Phonetic Encoding Module

The phonetic encoding module enriches words with their SAMPA phonetic codification.

The module applies a set of rules to transform the written form to the output phonetic form, thus the rules can be changed to get the output in any other phonetic alphabet. The module can also use an exception dictionary to handle forms that do not follow the default rules, or for languages with highly irregular ortography.

The API of the module is the following:

class phonetics {

 public:
  /// Constructor, given config file
  phonetics(const std::wstring &cfgfile);

  /// Returns the phonetic sound of the word
  std::wstring get_sound(const std::wstring &form) const;

  /// analyze given sentence, enriching words with phonetic encoding
  void analyze(sentence &s) const;

  /// analyze given sentences
  void analyze(std::list<sentence> &ls) const;

  /// analyze sentence, return analyzed copy
  sentence analyze(const sentence &s) const;

  /// analyze sentences, return analyzed copy
  std::list<sentence> analyze(const std::list<sentence> &ls) const;
};

The constructor receives a configuration file that contains the transformation rules to apply and the exception dictionary.

The module can be used to transform a single string (method get_sound) or to enrich all words in a sentence (or sentence list) with their phonetic information.

The phonetic encoding is stored in the word object and can be retrieved using the method get_ph_form in the word class.

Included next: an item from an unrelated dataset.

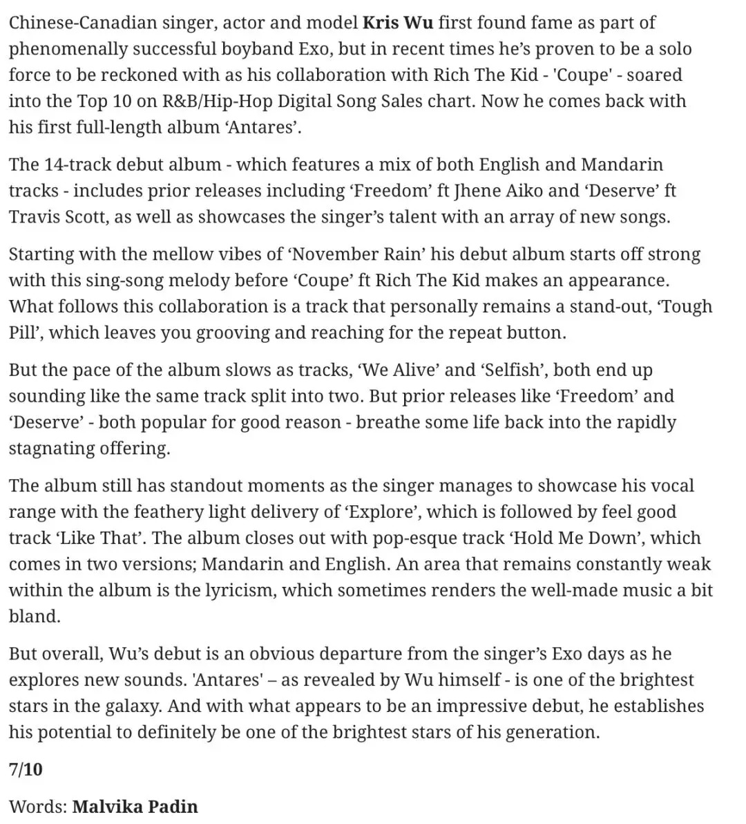 而《Clash Magazine》给《Antares》打了7/10分:“《November Rain》氛围柔和、旋律感强烈。紧接着和Rich The Kid合作的《Coupe》之后是一首颇为强烈的《Tough Pill》,会让你想跟随音乐扭动身体且不停循环播放。《We Alive》和《Selfish》听上去很像同一支作品被分成了两首,拉慢了整张专辑的步调。不过像《Freedom》和《Deserve》这样一些已经很受欢迎的发行作品还是给它添注了一些活力。”文章称赞这是吴亦凡离开EXO之后对新声音的探索,但同时也指出歌词及相关情感表达的不足,让音乐制作变得平淡无奇。

Phonetic encoder configuration file:

The configuration file contains two kinds of sections:

  • Section <Exceptions> contains an exception dictionary. This section is optional, and if it occurs, it must be just once.
    Each entry in the exception dictionary contains two fields: a lowercase word form and the output phonetic encoding.
    E.g.: addition @dISIn varieties B@raIItiz worcester wUst@r

If a word form is found in the exceptions dictionary, the corresponding phonetic string is returned and no transformation rules are applied.

  • Section <Rules> contain transformation rules that convert from orthogaphic to phonetic writting.
    The file may contain one or more rulesets delimited by <Rules> and </Rules>. Rulesets are applied in the order they are defined. Each ruleset is applied on the result of the previous.

Rulesets can contain two kind of lines: Category definitions and rules.

* Category definitions are of the form `X=abcde` and define a set of characters under a single name. Category names must have exactly one character, which should not be part of the input or output alphabet to avoid ambiguities. e.g.:
```
U=aeiou
V=aeiouäëïöüâêîôûùò@
L=äëïöüäëïöüäëïöüùò@
S=âêîôûâêîôûâêîôûùò@
A=aâä
E=eêë
```

Categories are only active for rules in the same ruleset where the category is defined.

* Rules have the form: `source/target/context`.  
  Both `source` and `target` may be either a category name or a terminal string.

  Simple string rules replace the `source` string with the `target` string if and only if it occurs in the given `context`.

  Contexts must contain a `_` symbol indicating where the source string is located. They may also contain characters, categories, and the symbols `^` (word beginning), or `$` (word end). The empty context `_` is always satisfied.

  Rules can only change terminal strings to terminal strings, or categories to categories (i.e. both `source` and `target` have to be of the same type). If a category is to be changed to another category, they should contain the same number of characters. Otherwise the second category will have its last letter repeated until it has the same length as the first (if it is shorter), or characters in the second category that don't match characters in the first will be ignored.

  Some example rules for English:

  ```
  qu/kw/_
  h//^r_
  a/ò/_lmV$
  U/L/C_CV
  ```

  The first rule `qu/kw/_` replaces string `qu` with `kw` in any context.

  The second rule `h//^r_` removes character `h` when it is preceeded by `r` at word beginning.

  Rule `a/ò/_lmV$` replaces `a` with `ò` when followed by `l`, `m`, or any character in category `V` at the end of the word.

  Rule `U/L/C_CV` replaces any character in category `U` with the character in the same position in category `L`, when preceeded by any character in category `C` and followed by any character in category `C` plus any character in category `V`.

  Note that uppercase characters for categories is just a convention. An uppercase letter may be a terminal symbol, and a lowercase may be a category name. Non-alphabetical characters are also allowed. If a character is not defined as a category name, it will be considered a terminal character.